Monday 19 December 2011

The Global Coffee Establishment

On days when everything I love about this city vanishes, when grey skies erase Harland and Wolf, when Napoleon and his nose appear to never have existed, I like to go somewhere that feels safe. Somewhere that never changes, a place that appears in countries the world over. Indeed it is only when claustrophobic skies erase the identity of my city that I am happy to pay a visit to the global coffee shop.
Coming from the rain into the embrace of a myriad of roasting aromas is heaven. The finest Columbian and Ethiopian blends hang in the air, the familiarity of them like walking into a full bodied hug.
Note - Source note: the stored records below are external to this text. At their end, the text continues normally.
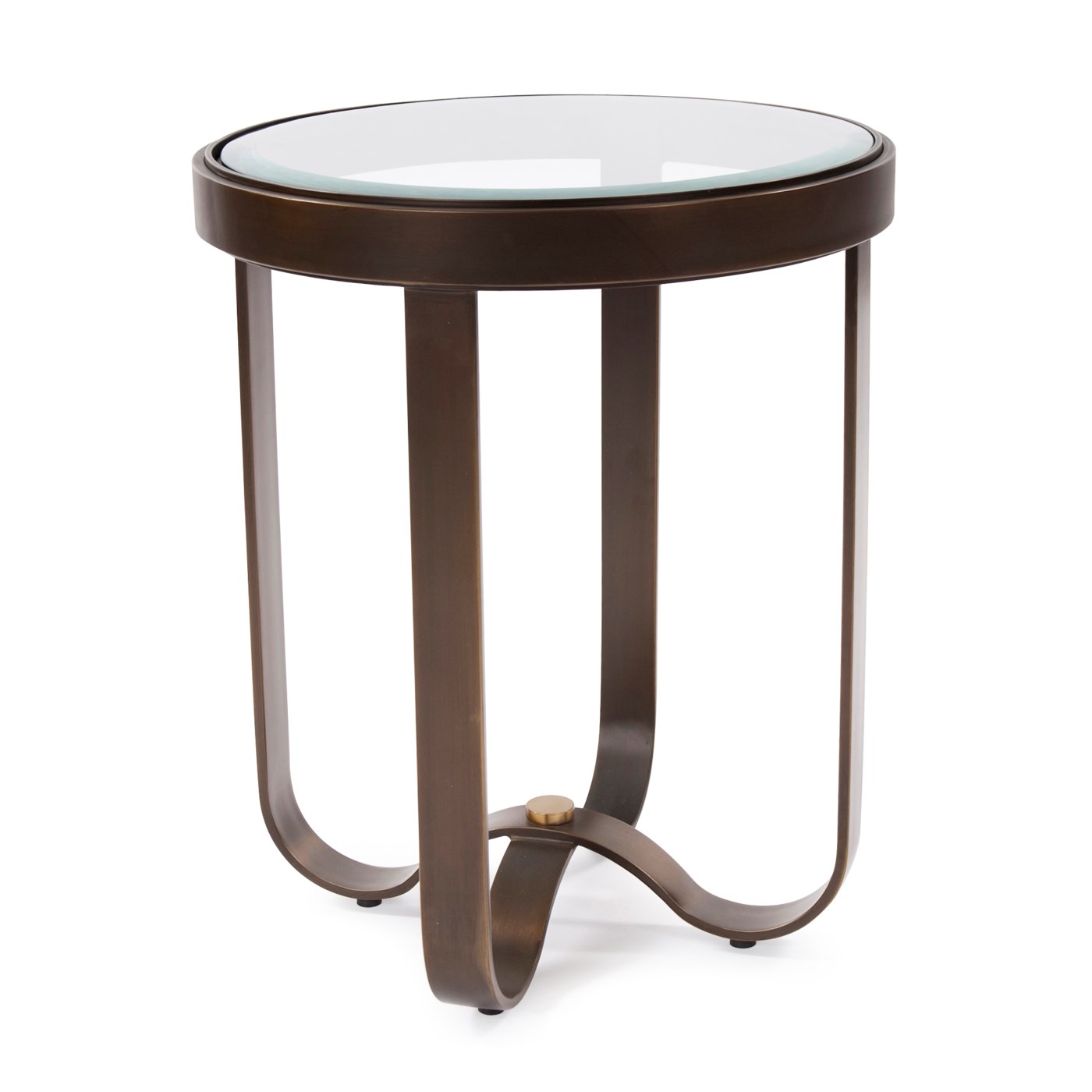 Recently I was able to watch iron being molded and casted. As the long metal bands were pulled over the craftsman's table, the metal started to bend and take shape. This was the start of our newest metal table collection. This coffee table features a round iron frame housing a thick tempered beveled glass surface. Also available in a coffee table.Read More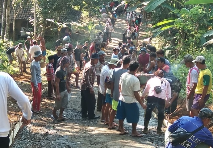 PANDEGLANG – Ratusan warga masyarakat Desa Citaman Kecamatan Jiput Kabupaten Pandeglang, antusias menggencarkan gotong royong untuk membangun jalan desa yang berstatus kabupaten guna memperbaiki jalan karena rusak parah yang sudah lama tidak di bangun oleh pemerintah, jalan tersebut yang di bangun betonisasi secara swadaya.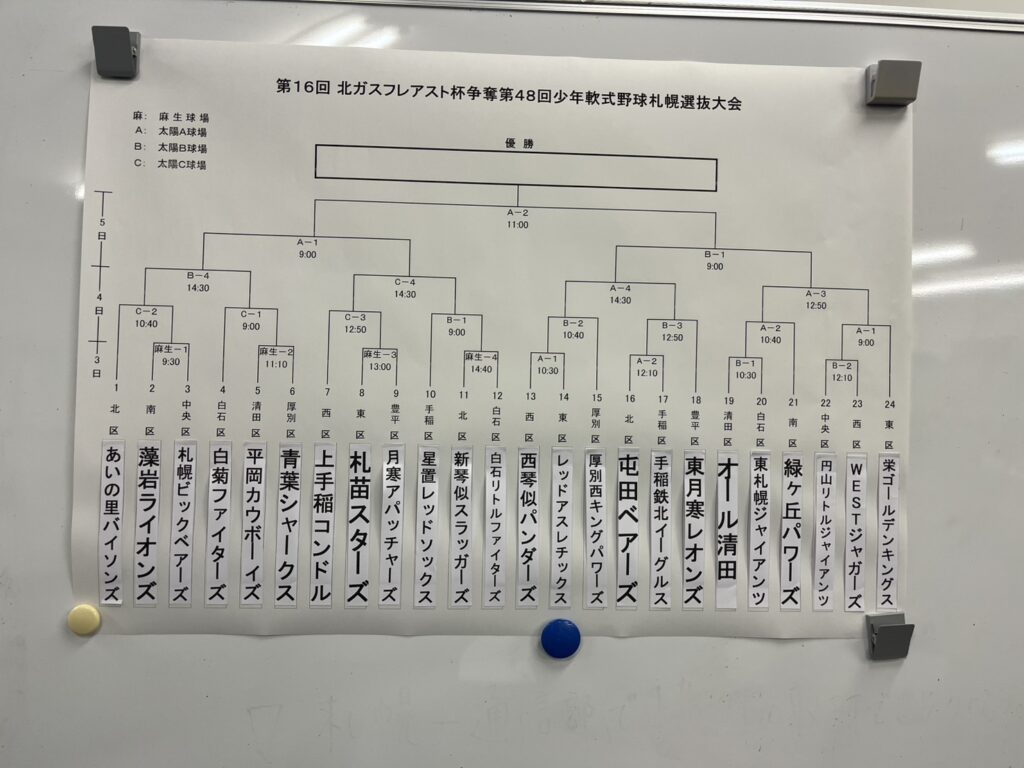 5月3日~5日、麻生球場・太陽ABCにて札幌市内10区の代表24チームによるトーナメント戦が開催されます。4月7日㈫毎日新聞社において監督会議が開催され各区代表24チームの監督・主将が参加し抽選会が行われてトーナメント表が確定致しました!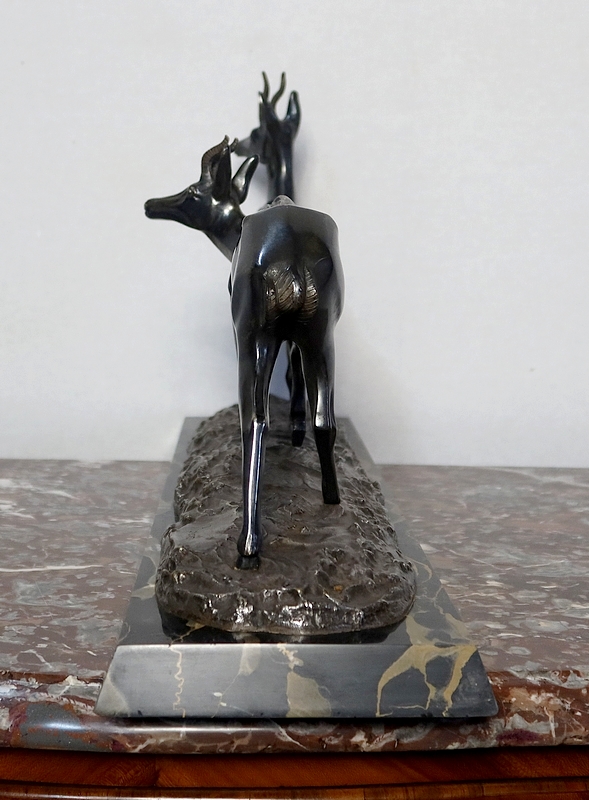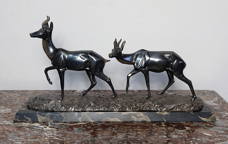 Épreuve en Bronze à patine brune représentant deux gazelles majestueuses, signé sur la terrasse « I. Rochard » et posé sur un socle en marbre portor légèrement biseauté.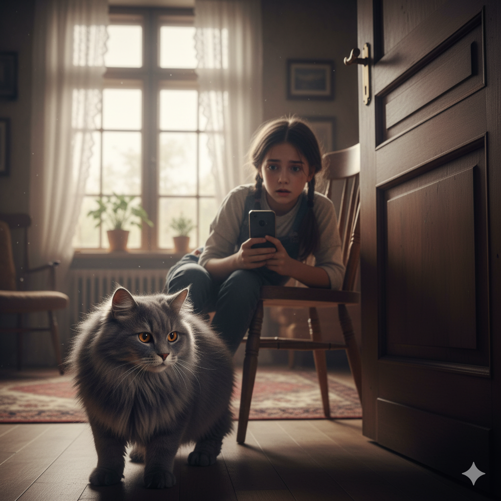 Самая-самая обычная, простая и безродная кошка. Мама с папой не были против, она тронула сердца всей семьи… Поначалу очень худенькая, спинка – толщиной в собственный, тоненький хвостик.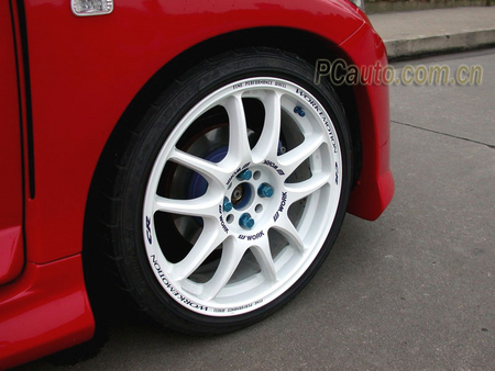 對于這樣外拋的包圍,輪圈的搭配相當重要,搭配17寸輪圈則能達到上佳的視覺效果,若搭配15寸輪圈則全無FIT DYNAMITE應有的氣勢。該車搭配了17寸的日本WORK EMOTION系列輪圈,盡管該款式的輪圈在日本已經推出多年,但至今在各大比賽和街道上仍有相當高的曝光率。由于使用了17寸的大直徑輪圈,所以輪胎使用了205/40R17的這一尺寸,這樣的輪胎與輪圈搭配出來的外觀效果一流,而且彎道上輪胎壁的變形也相當小,對彎路的操控有不小的幫助;但如此扁平的車胎在坑洼的路面上行駛則要更為留心。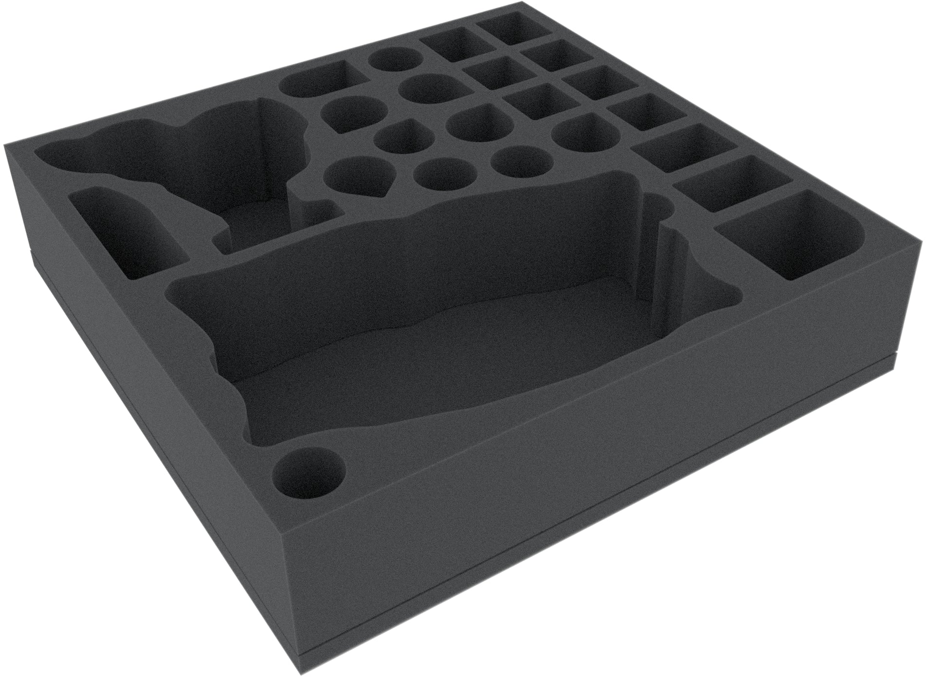 - The foam tray has the dimensions: 295 mm x 295 mm x 70 mm total height (60 mm usable height + 10 mm foam base)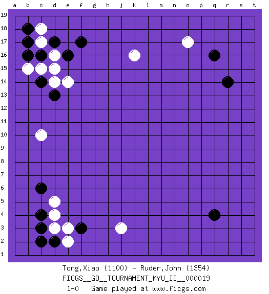 Last move : 1-0 2010 May 19 20:26:39 [Event "FICGS__GO__TOURNAMENT_KYU_II__000019 "] [Site "FICGS"] [Date "2010.03.28"] [Round "1"] [Black "Tong,Xiao "] [White "Ruder,John "] [Result "1-0"] [Rating 1 "1100"] [Rating 2 "1354"] 1.q16 d4 2.q4 d16 3.f3 j3 4.c3 d3 5.c4 d5 6.d2 e2 7.c2 e3 8.c6 o17 9.r14 k16 10.c14 c10 11.f17 d14 12.d13 e14 13.c16 c17 14.d17 c15 15.b16 b15 16.e16 d15 17.b17 c18 18.b18 1-0 This go game has been lost on time (started : 2010.03.28 3:8:34) Here are the names of the openings (joseki) played in the four corners : Corner d4 : d4 f3Hoshi (Hwajeom, Seongjeom, Xingwei`) 4-4 Point. The star or hoshi (4-4) point, emphasizing influence at the potential expense of territory.Ikken Kakari (Hankan Keolch'im, Yi Gua`jiao~, 1-Space Low Approach). Black 2 is the standard approach move to the 4-4. Corner q16 : q16 o17Hoshi (Hwajeom, Seongjeom, Xingwei`) 4-4 Point. The star or hoshi (4-4) point, emphasizing influence at the potential expense of territory.Ikken Kakari (Hankan Keolch'im, Yi Gua`jiao~, 1-Space Low Approach). White 2 is the standard approach move to the 4-4. Corner d16 : d16 c14Hoshi (Hwajeom, Seongjeom, Xingwei`) 4-4 Point. The star or hoshi (4-4) point, emphasizing influence at the potential expense of territory.Ikken Kakari (Hankan Keolch'im, Yi Gua`jiao~, 1-Space Low Approach). Black 2 is the standard approach move to the 4-4. Player Black won this Go (weiqi, baduk) game.Follow this game move after move (download ) The carpenter's square becomes ko. (Anonymous) 98% of all statistics are made up. (Author unknown)

An unexpected but pleasant chat with friends reminds me of the warmth of the heart of this city, even on the very cruelest of days. When you consider it, this is really quite a homely establishment, once, of course, you see past the furniture and decor that is recreated in 17,000 stores in 55 countries. I am unsure if my rudimentary google on my smartphone has produced figures that would stand up in a court, but I am reasonably sure that they are more transparent than George Galloway’s quest to reinstate capital punishment. (A topic of conversation from earlier spontaneity.)
The music transports me to a Speakeasy in Chicago surrounded by a jazz band, friends sipping rum cocktails and ladies with pearls, possibly diamonds hanging from their necks. A burst of cold air from the opening door reminds me that I am not.
Behind the coffee bar Stu works his magic. The hiss and steam and froth transform solid and liquid into little drops of heaven poured from his hand. The green apron worn by thousands of employees the world over tries to hide his closet ghetto obsession, but it can’t quite erase the green in his eyes as he considers the feelings his girlfriend Emma holds toward Rihanna. Nor his conviction that all this country needs to kick start the economy are a few more R&B superstars annoying local farmers and filming in our ‘ghettos’.

As the minutes tick by people trickle in and out, a near constant stream of customers all escaping the driving rain. My coffee, now as cold as the rain outside, declares that it is time to move on. And as I step outside into my city again I leave the bustling coffee shop to it’s global work.

On my journey home I spy Sampson and Goliath peeking through a tiny patch of blue.